I have been working in the Vortex group as a remote research intern at Georgia Institute of Technology. This blog talks about my work done during the internship. It explains the current cache design for Vortex and the Simx implementation of Cache. It also includes a prefetcher design and my progress on it’s implementation.
Current Cache Design
The current Vortex memory hierarchy is as follows: Each core has a private data cache/ L1 cache. All the cores in a cluster have a shared L2 cache. All the clusters together share a L3 cache. Dram memory resides post L3 cache.
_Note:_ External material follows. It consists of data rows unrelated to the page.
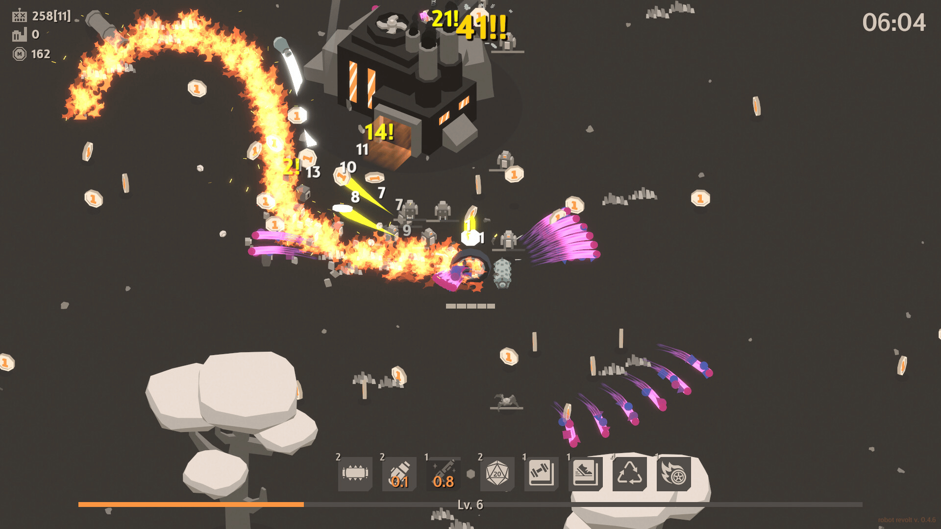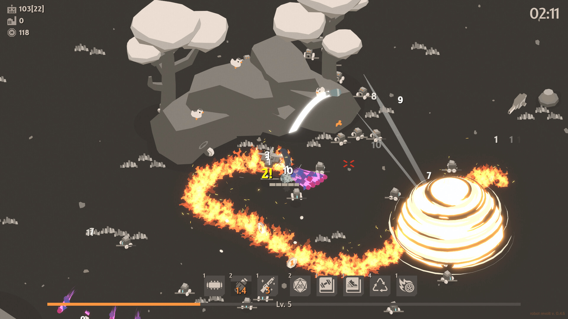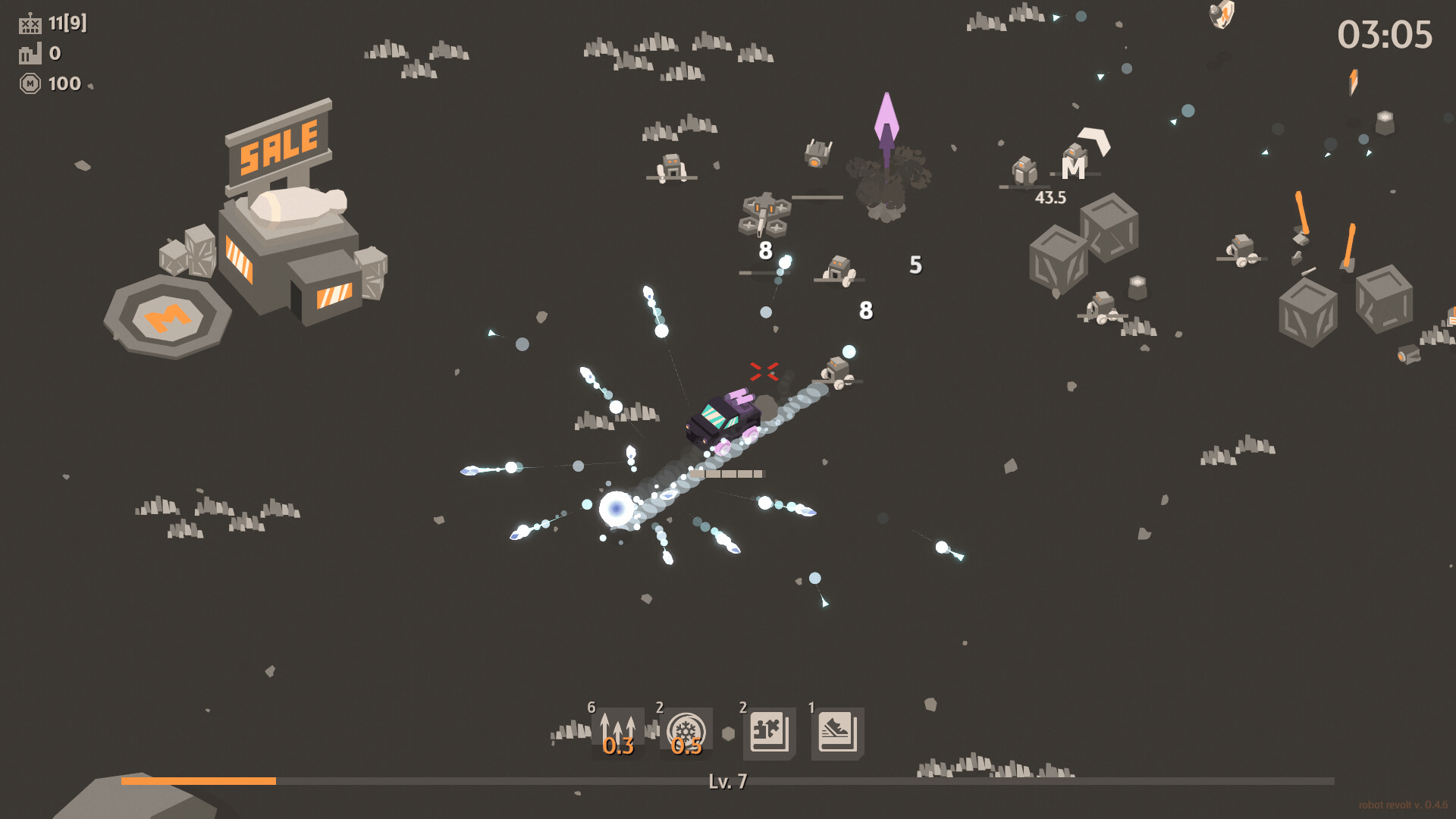 Shoot, steer and survive as an armored vehicle versus a rebellious swarm of robots in this reverse bullet hell. Choose from a diverse collection of items and weapons, each with their own upgrade path. Clear abandoned factories to earn traits and make unique builds.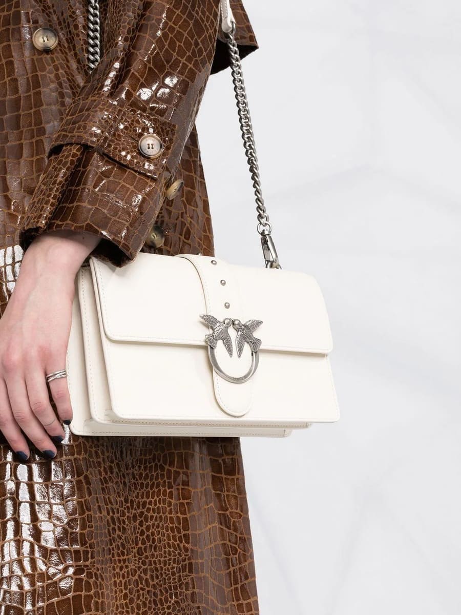 Сумка Classic Love Bag из мягкой шелковистой кожи. Застежка с кожаным ремешком и заклепками украшена легендарной пряжкой Love Birds Diamond Cut из металла. Внутреннее отделение на подкладке из микрофибры дополнено карманом-перегородкой на молнии и плоским карманом из кожи. Съемный плечевой ремень длиной 110 см представляет собой комбинацию классической цепочки с круглыми звеньями и практичного регулируемого наплечника из кожи.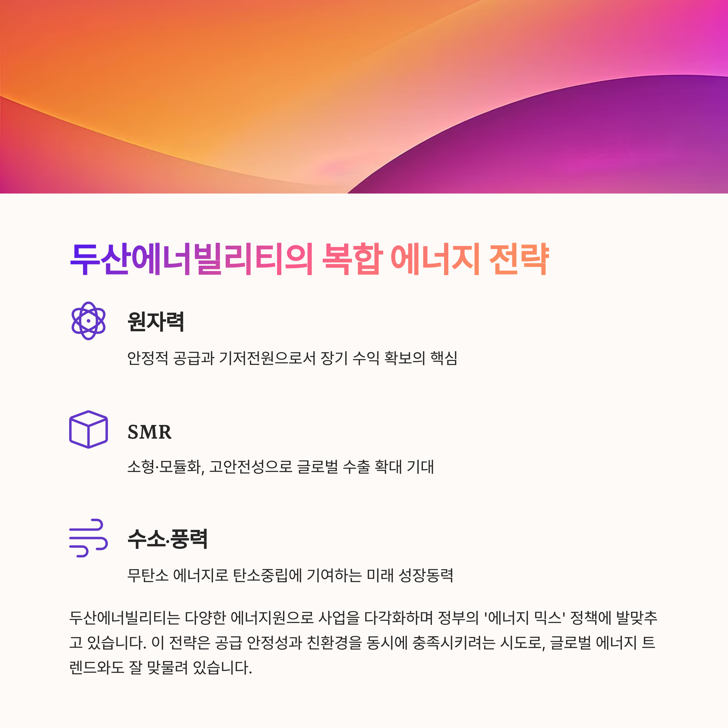 각 에너지원은 특정한 역할과 전략적 가치를 가지고 있으며, 두산은 이를 종합해 에너지 믹스를 실현하고 있습니다.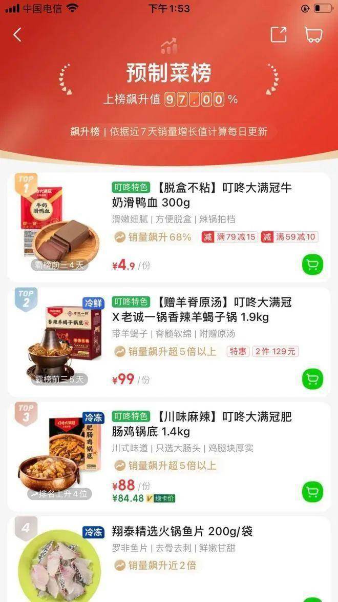 而据叮咚买菜数据显示, 国庆期间“预制菜热卖榜”50款上榜产品,总销量超过192万份,10月7日叮咚买菜“预制菜飙升榜”上榜飙升值达到97%,多个单品销量飙升5倍以上。
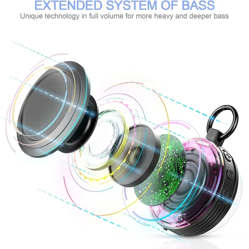 اسپیکر بلوتوث قابل حمل با نمایش نور، اسپیکر دوش ضد آب IPX7 با رادیو FM و میکروفون داخلی، بلندگوهای بلوتوث برای دوش، مسافرت، دویدن، کوهنوردی، کمپینگ و موارد دیگر در فضای باز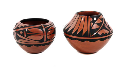two redware vessels having classic design in black, each signed C. G. Loretto, Jemez.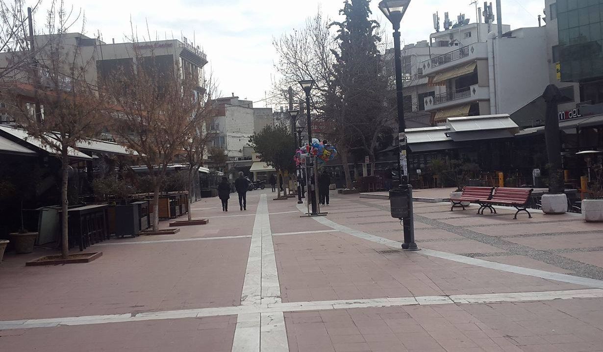 Ο κόσμος δεν κυκλοφορεί στην πλατεία και την ευρύτερη περιοχή, ενώ και οι περισσότερες καφετέριες δεν έχουν ανοίξει.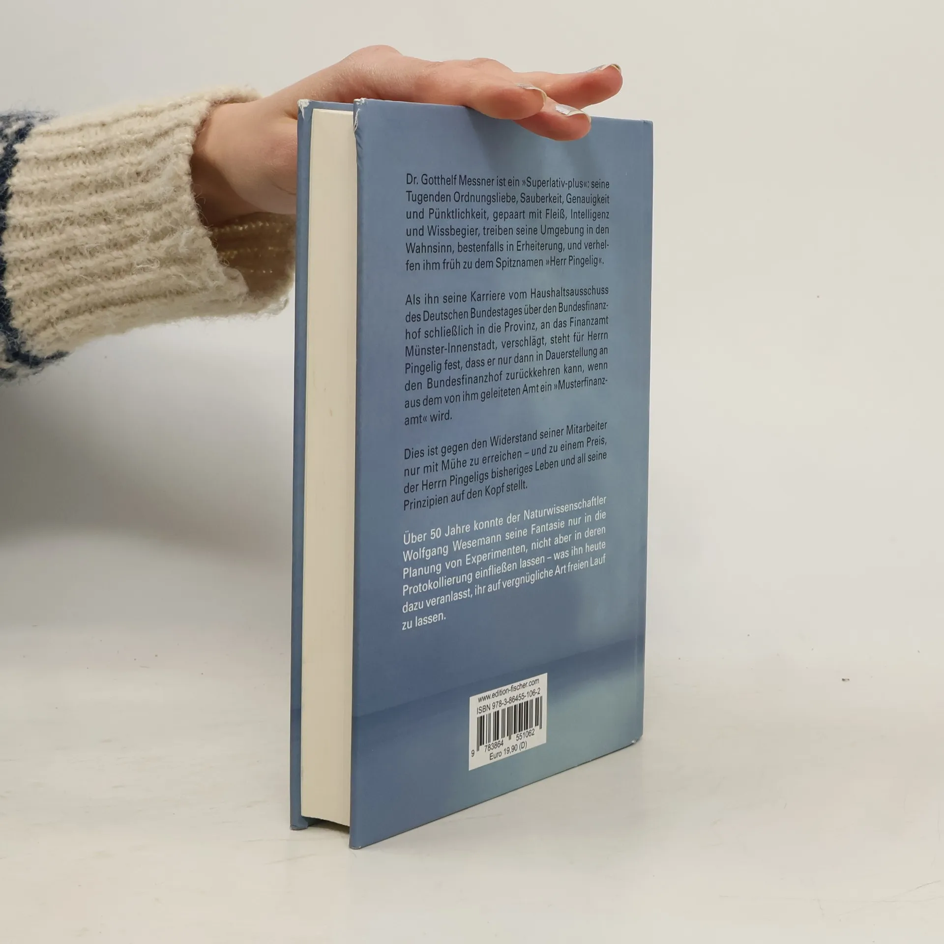 Dr. Gotthelf Messner ist ein »Superlativ-plus«: seine Tugenden Ordnungsliebe, Sauberkeit, Genauigkeit und Pünktlichkeit, gepaart mit Fleiß, Intelligenz und Wissbegier, treiben seine Umgebung in den Wahnsinn, bestenfalls in Erheiterung, und verhelfen ihm früh zu dem Spitznamen »Herr Pingelig«. Als ihn seine Karriere vom Haushaltsausschuss des Deutschen Bundestages über den Bundesfinanzhof schließlich in die Provinz, an das Finanzamt Münster-Innenstadt, verschlägt, steht für Herrn Pingelig fest, dass er nur dann in Dauerstellung an den Bundesfinanzhof zurückkehren kann, wenn aus dem von ihm geleiteten Amt ein »Musterfinanzamt« wird. Dies ist gegen den Widerstand seiner Mitarbeiter nur mit Mühe zu erreichen – und zu einem Preis, der Herrn Pingeligs bisheriges Leben und all seine Prinzipien auf den Kopf stellt. Über 50 Jahre konnte der Naturwissenschaftler Wolfgang Wesemann seine Fantasie nur in die Planung von Experimenten, nicht aber in deren Protokollierung einfließen lassen – was ihn heute dazu veranlasst, ihr auf vergnügliche Art freien Lauf zu lassen.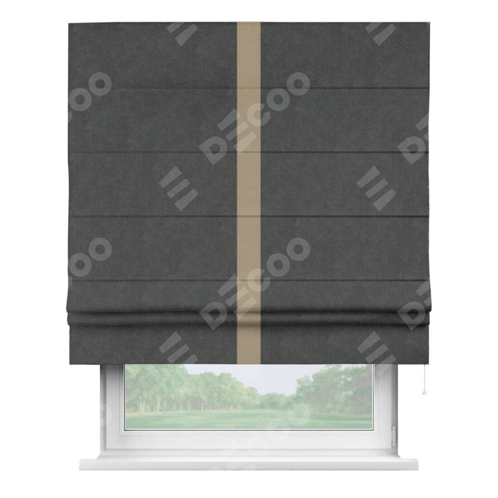 Римская штора «Кортин» с кантом Хайвэй, для проема, ткань вельвет цвет тёмно-серый
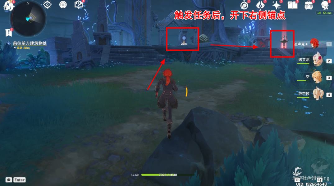 1.首先,前往洞穴深处。到达后前往建筑物,经过光点即可触发任务;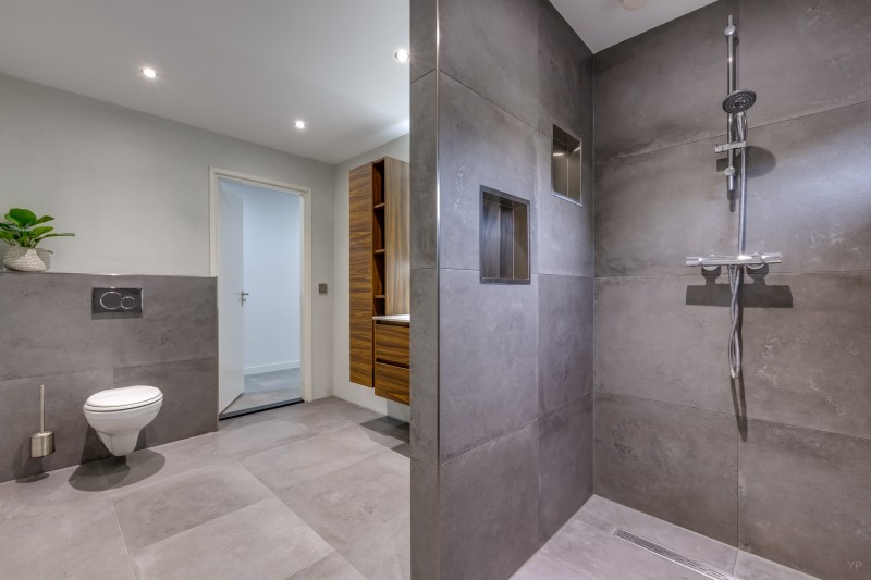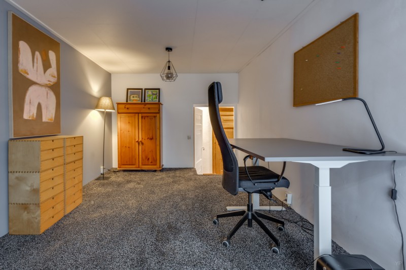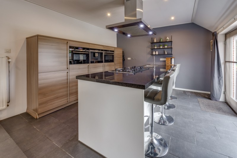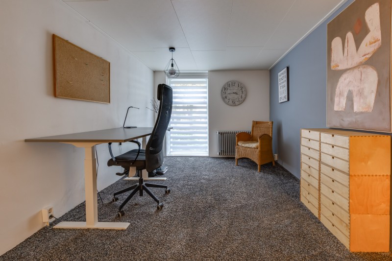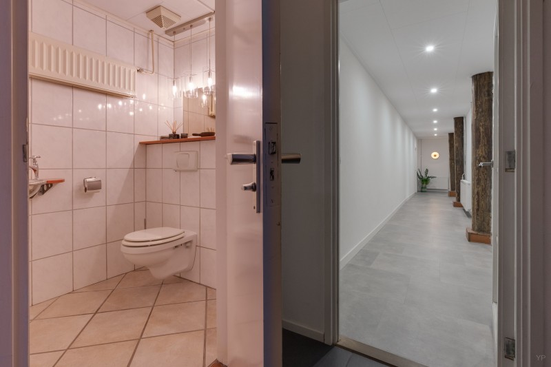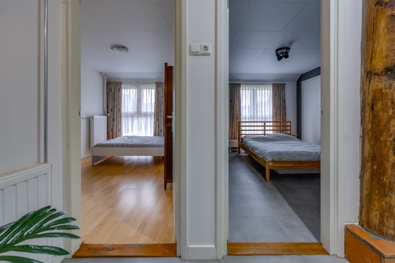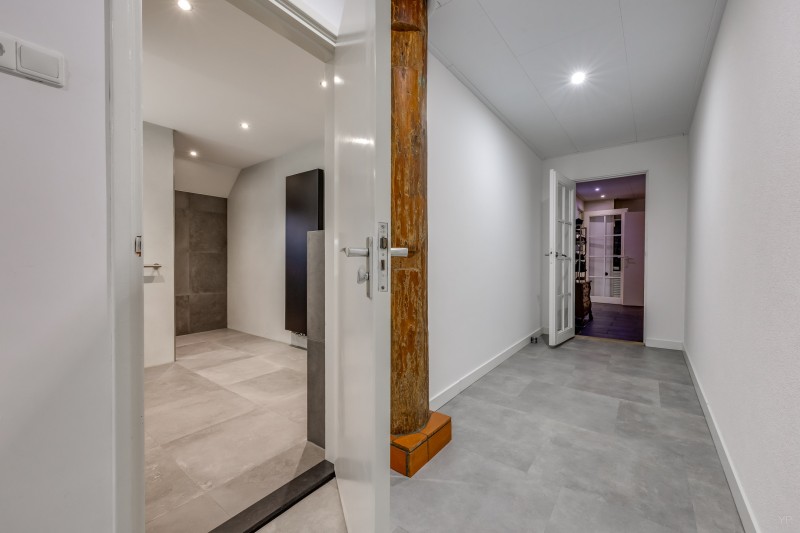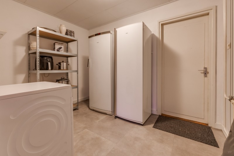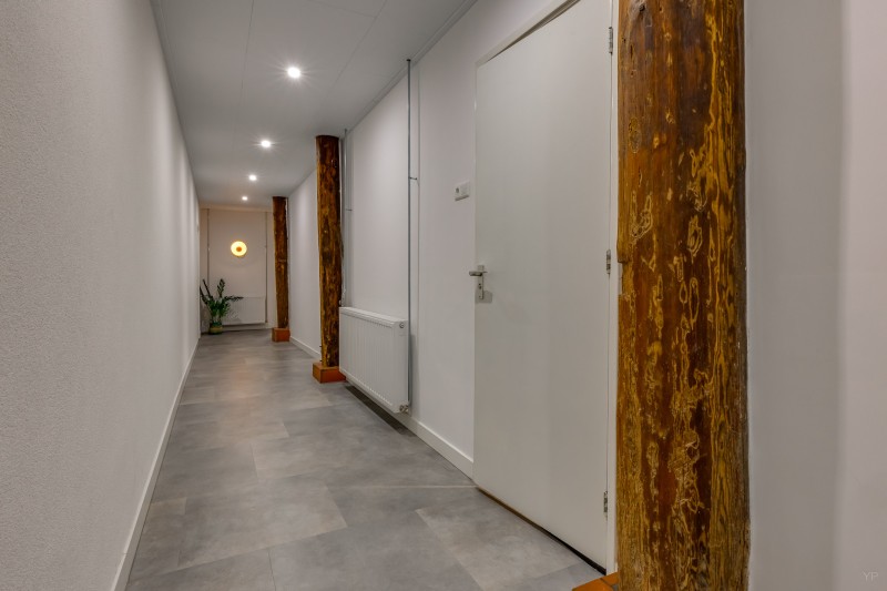 Royale woonkeuken met moderne aanbouwkeuken v.v. inbouwapparatuur en kookeiland; zijentree; eetkamer met vaste kast; ruime L vormige woonkamer v.v. massief houten vloer en houtkachel; tussenhal met toegang tot slaap-/hobbykamer (genoemd opkamer) met daaronder een ruime kelder; bijkeuken met doorgang naar de deel c.q. schuurruimte; ketelruimte; ruim modern toilet met fontein; nieuwe badkamer met douchehoek, 2e toilet, wastafelmeubel en vloerverwarming; de 3 overige slaapkamers, allen v.v. vaste kasten.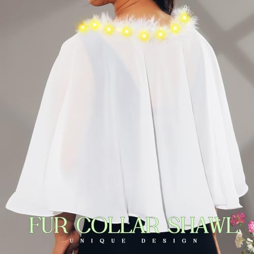 EVILD Women's Shawl Wraps Light Up Evening Dress Capelet Shrug Prom Chiffon Cape 4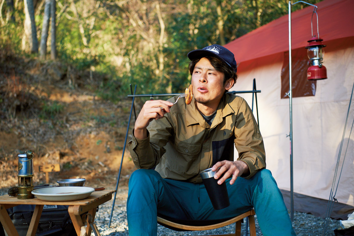 「僕は最近、野鳥観察にハマっています。さっきも近くにいたキツツキを双眼鏡で観ていましたよ。先日は、子どもたちといっしょに双眼鏡片手に鳥を観たり、ハイキングルートでキノコを見つけて”木とキノコの関係(?)”なんかを話したりしましたが、子どもたちは興味津々でした。そういったアクティビティを、ソロキャンプにプラスしていくソロキャンプ第2段階に入ってきたのかもしれませんね」と言う。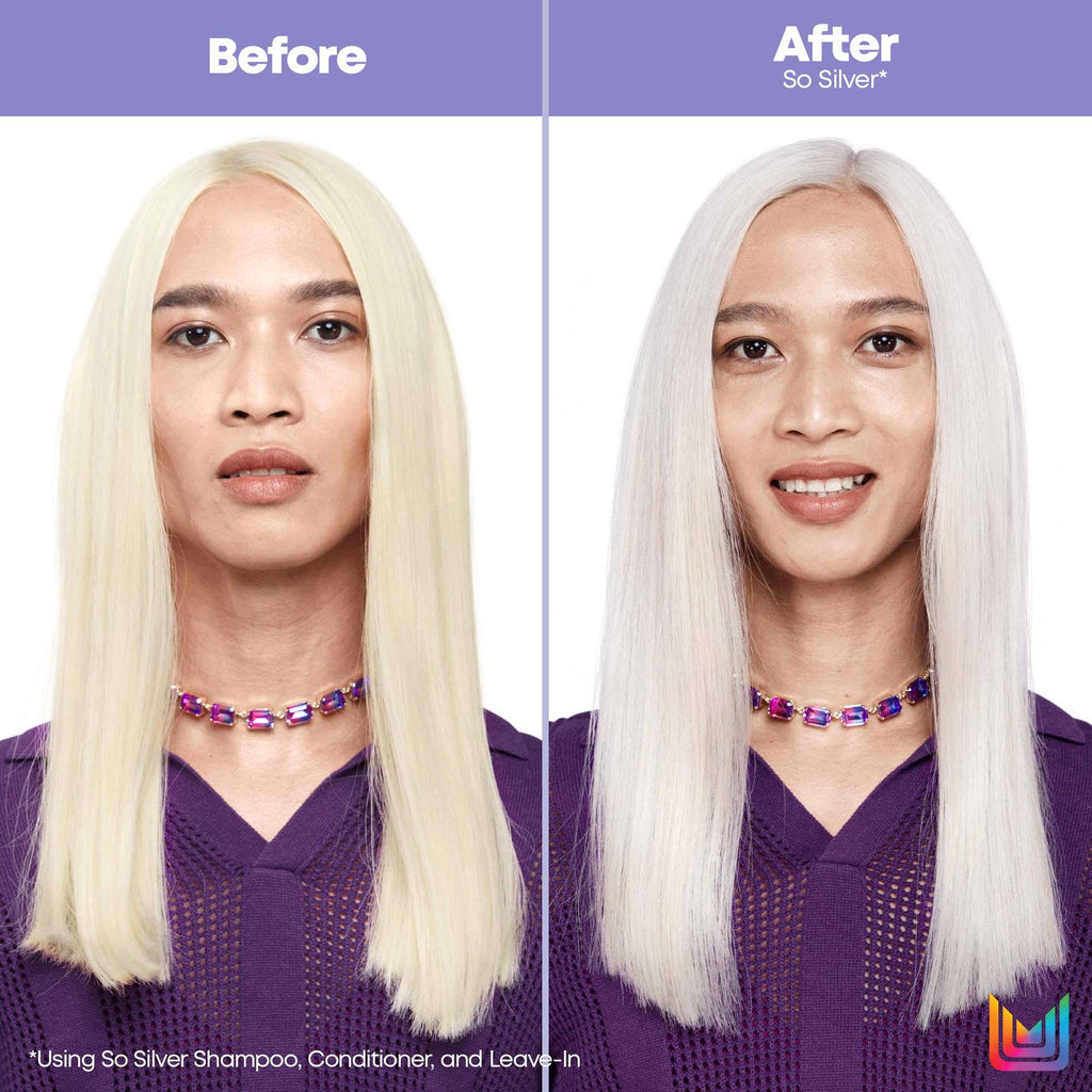 So Silver All-In-One Toning Leave-In Spray is a buildable color depositing formula to neutralize unwanted yellow undertones in between salon visits and prepare hair for styling.

p1 A prefetcher can be implemented in any of these levels of memory hierarchy. This blog talks about the implementation of a hardware prefetcher in the data cache. The cache memory is divided into multiple banks. These banks process memory requests in parallel. Hence multiple memory requests can be processed at a given time. Each bank has a Arbiter, Tag RAM, Data RAM and MSHR (Miss Handling Status Register). The incoming memory requests from the core are redirected to an appropriate bank based on the requested memory address. These are sent through the Arbiter and checked for a hit. In case of a hit the requested Data is sent as a core response. For a miss, a DRAM request is sent out while recording an entry for the same in the MSHR. Once a DRAM response is received for an MSHR entry, the entry is evicted and data is sent as a core response.p2
Current Cache Implementation
The most basic struct in the implementation is block_t consisting of fields valid, dirty, tag and LRU counter.set_t is implemented as a vector of block. The struct bank_req_t holds the fields used to create a new memory access request at a bank. A MSHR entry is made up of block id and bank_req_t fields.p3 The MSHR has been implemented as a separate class. It consists of functions: 1. Lookup – To find an existing valid MSHR entry corresponding to a particular memory request. 2. Allocate - To allocate a new MSHR entry for a memory request. 3. Replay – To mark a valid entry for replay. 4. Pop – To evict a valid entry marked for replay. 5. Clear – To invalidate all MSHR entries. The bank_t struct consists of set_t and a MSHR. The creation of a memory request is done by the tick function inside class Cache. This function is executed repeatedly every clock cycle. A vector named pipeline_req of type bank_req_t and of size of number of banks is created. First the MSHR entries marked for replay are popped out. Post that memory response port is checked and fill requests are processed if any. Once a fill request is processed, the corresponding MSHR entry is marked for replay. After these operations complete, a check is performed for new core requests and a new memory request is created using the fields in bank_req_t. Post that a check is performed to make sure that there are no pending actions for the memory request already present in the pipeline_req at that bank_id. In case of no pending actions, a new request is inserted into the pipeline and the bank request is processed using the function processBankRequest.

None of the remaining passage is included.